In a statement on Thursday, OcuGen said it would file a BLA for Covaccine as advised by the FDA. BLA is the FDA’s “Full Approval” mechanism under which drugs and vaccines are approved.
Hyderabad. Bharat Biotech of covid-19 vaccine covaccine In a setback to the US, the US food and drug regulator has advised its US partner OcuGen Inc to request the biological license application (BLA) route with additional data to gain approval for use of the Indian vaccine. In a statement on Thursday, OcuGen said it would file a BLA for Covaccine as advised by the FDA. BLA is the FDA’s “Full Approval” mechanism under which drugs and vaccines are approved. In such a situation, it may take some more time for the vaccine to get US approval. OcuGen said, “The company will no longer seek emergency access permission (EUA) for the vaccine.

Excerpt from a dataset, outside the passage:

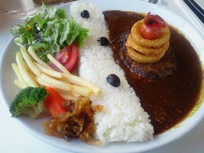長井ダムカレーは写真のハンバーグスタイルと、果物と野菜をトッピングした本年の春バージョンがあります。ダム(ご飯)の左側は共通。意外とボリュームがあります。ワンドリンク付きというのは気が利いてます。ホテルに入っているカフェレストランが企画していることもあり、全体的に上品。子供が食べることを前提としており、甘口です。

The FDA has given a response to the master file to Okuzane. It has been advised that OcuGen should file a BLA request instead of an EUA application for its vaccine. In addition, a request has been made for some additional information and data.” OcuGen said this could delay the launch of Covaccine in the US. OcuGen is in discussions with the FDA to understand the additional information required for the BLA request. The company anticipates that an additional clinical trial data will be needed for the application to be approved. “While we are very close to finalizing our EUA application, the FDA has advised us to make the request through the BLA,” said Shankar Musunuri, CEO and Co-Founder of OcuGen. It will take longer, but we are committed to bringing the vaccine to the US.
Disclaimer:Prabhasakshi has not edited this news. This news has been published from PTI-language feed.